Page MenuHomePhabricator

VRTS eqiad replacement
Closed, ResolvedPublic

Description

This is a task for failing over otrs1001 (buster) to vrts1001(bullseye) in eqiad.

  • Create scheduled maintenance window on VRTS dashboard to notify users of upcoming downtime
  • Downtime otrs1001 for two hours on cumin:
sudo cookbook sre.hosts.downtime -r "Replacing Host" -H 2 otrs1001.eqiad.wmnet
  • Disable Puppet on otrs1001
  • Disable all services on otrs1001:
sudo systemctl stop cron
sudo systemctl stop exim4
sudo systemctl stop apache2
sudo systemctl stop vrts-daemon
  • Create patch and merge with the following changes:
    • Applying vrts role on vrts1001
    • Changing active_host on Puppet hiera to vrts1001.eqiad.wmnet.
  • Run sudo /usr/local/bin/install_vrts 6.0.48 on vrts1001
  • Run sudo -u www-data /opt/otrs/bin/otrs.Console.pl Admin::Package::ReinstallAll
  • Ensure all services are running normally on vrts1001:
sudo systemctl status cron
sudo systemctl status exim4
sudo systemctl status apache2
sudo systemctl status vrts-daemon
  • Create patch in DNS repo. In the wmnet template, point ticket to vrts1001.eqiad.wmnet. Merge and run authdns-update
  • Access https://ticket.wikimedia.org and login and check if everything is working normally.

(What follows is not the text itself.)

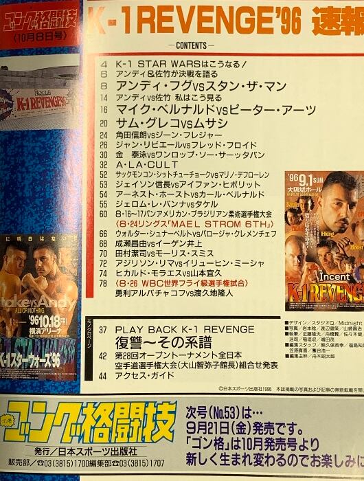 (4) ゴング格闘技 No.53 1996年10月8日号 K-1リベンジ アンディ、10・18佐竹戦へ狼煙!日本スポーツ

If everything is working fine, extend downtime on otrs1001 and prepare for decom.

Event Timeline

Change 930245 had a related patch set uploaded (by AOkoth; author: AOkoth):

[operations/puppet@production] vrts: failing over to vrts1001

https://gerrit.wikimedia.org/r/930245

Change 930245 merged by AOkoth:

[operations/puppet@production] vrts: failing over to vrts1001

https://gerrit.wikimedia.org/r/930245

Change 930251 had a related patch set uploaded (by AOkoth; author: AOkoth):

[operations/dns@master] ticket: otrs1001 -> vrts1001

https://gerrit.wikimedia.org/r/930251

Change 930251 merged by AOkoth:

[operations/dns@master] ticket: otrs1001 -> vrts1001

https://gerrit.wikimedia.org/r/930251

Thanks again @Dzahn @eoghan

Seems to be working fine for now.

Test ticket: https://ticket.wikimedia.org/otrs/index.pl?Action=AgentTicketZoom;TicketID=12843552

Will wait till tomorrow to close this if nothing is reported.

@Arnoldokoth Great that all worked smoothly! Thank you. There is this other ticket (T295416) that was about upgrading OTRS (all hosts) to bullseye.

Seems like that is also resolved now with eqiad and codfw both having a bullseye machine. Should we close that as resolved? Or wait for decom of otrs1001?

@Dzahn Yeah, I created this as a sub-task for that. I will close this first and create another sub-task under (T295416) for decom otrs1001.